Beck and I headed out to find them which didn't take long. We spotted them at the end of a dark street with footy in tow which Chocolate kicked in our direction. Beck duly took an impressive mark, showing off the benefits of having three brothers.
It was great to see the boys, Razi, Az, Chocolate and Chriso. By all accounts they had a fairly trouble free flight over to Istanbul, although they did say that the vodka was quite strong.
The plan was to have a couple of beers and then go to bed, but.....
It proved to be too much fun catching up with the boys. The place we were staying at had a little bar that was pumping out all the old crowd favourites. The place was full of Aussies and Kiwis and just when the party was rocking it's hardest the lights went out completely, and didn't come back on. It seemed that many of the places on the street were in the same position, but we managed to find a bar upstairs across the road that hadn't been affected.

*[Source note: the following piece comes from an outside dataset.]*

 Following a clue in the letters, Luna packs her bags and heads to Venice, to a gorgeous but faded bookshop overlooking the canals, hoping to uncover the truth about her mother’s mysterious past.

There was still plenty of Aussies and Kiwis here as well, with many wearing footy or rugby jumpers as well, and there were locals as well. The main attraction in the bar was a belly dancer who was young and in good shape, and wasn't shy in approaching any of the guys that came into the bar. None of the boys were prepared to dance with her, although Mad Az charmed her as only he can by suggesting they had a similar gap between their front teeth! This girl seemed to be a contradiction to the conservation nature we had observed in Turkish culture up until now.
The locals seemed more than friendly and while Chriso and I held up the bar the others shared banter with the locals. Chriso had fallen asleep at this point so I bought him a fire-water to perk him up. That it did and we proceeded to ring people back home, but we didn't manage to get a hold of anyone for some reason. We did however leave a message on Ginko's phone that we got on the wrong flight and were now stranded in Belgrade.

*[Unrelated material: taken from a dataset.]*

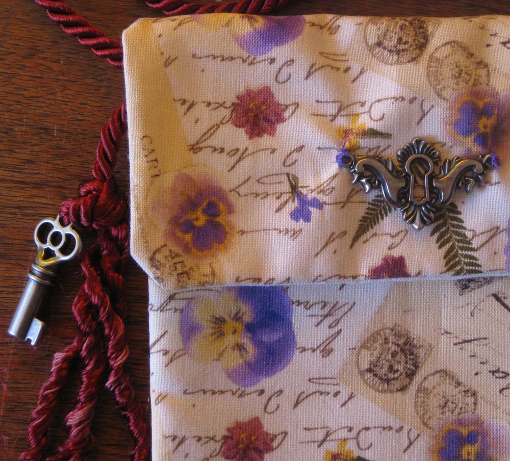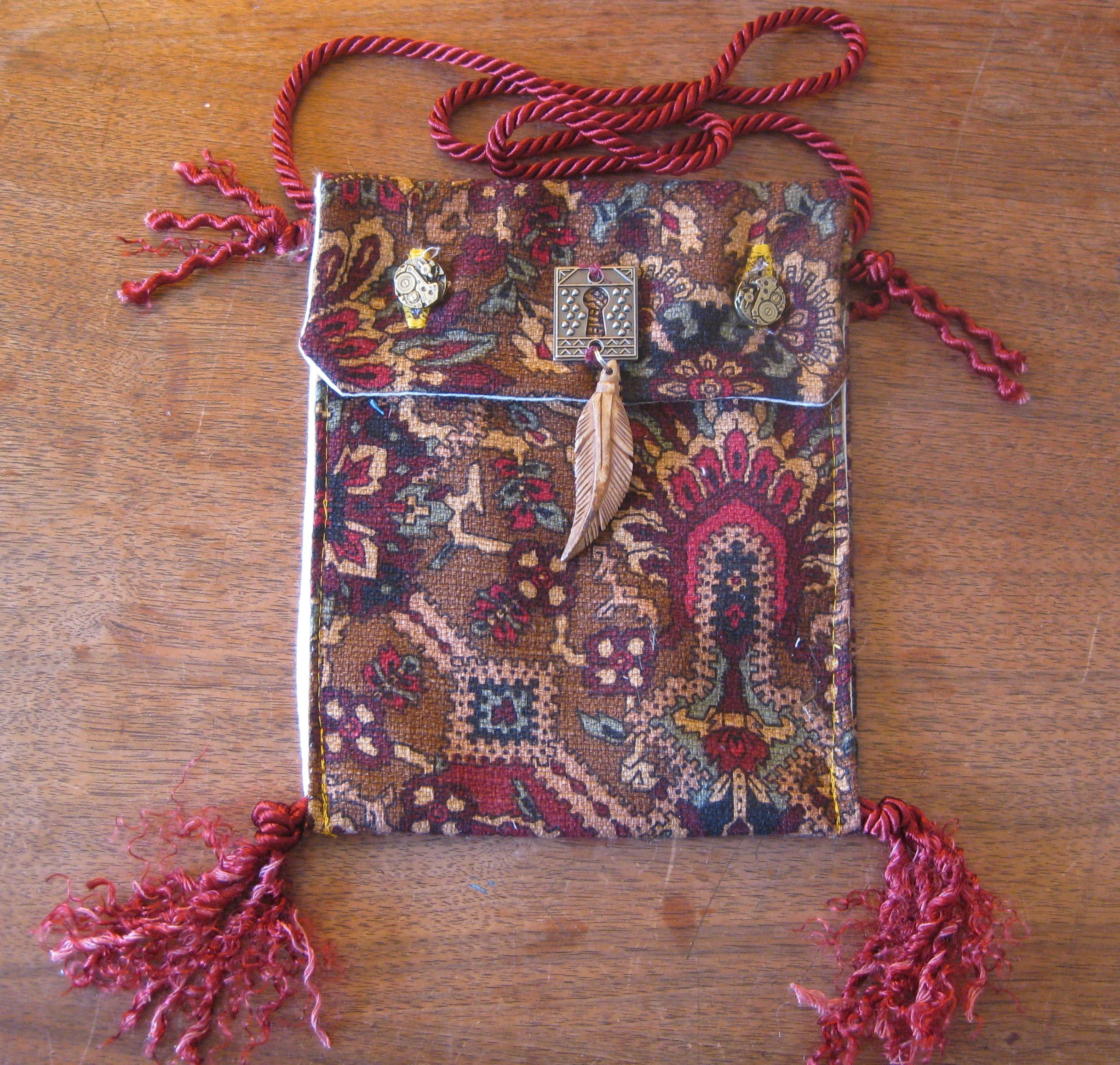 (1) A small, lined pouch with postmark fabric and metal adornments

While this was going on we missed the locals treading the fine line between having fun and being friendly, and taking the 'mickey' out of us. There was too many 'Aussie', 'Aussie', 'Aussies' coming from the locals, and when one of them threw a bucket of ice water over Az that confirmed it. Az makes friends anywhere and everywhere with his huge smile and genuine interest in people, so when this happened we were straight out of there and back to the hostel.
The party had re-started at the hostel, but now it was downstairs. It wasn't as packed as earlier, but we all made up for the drop in numbers that's for sure. Unfortunately the camera was dropped during the festivities. All nights have to come to an end at some stage, so when Chocolate gave Chriso a goodnight kiss it wasn't long before we all staggered off to bed.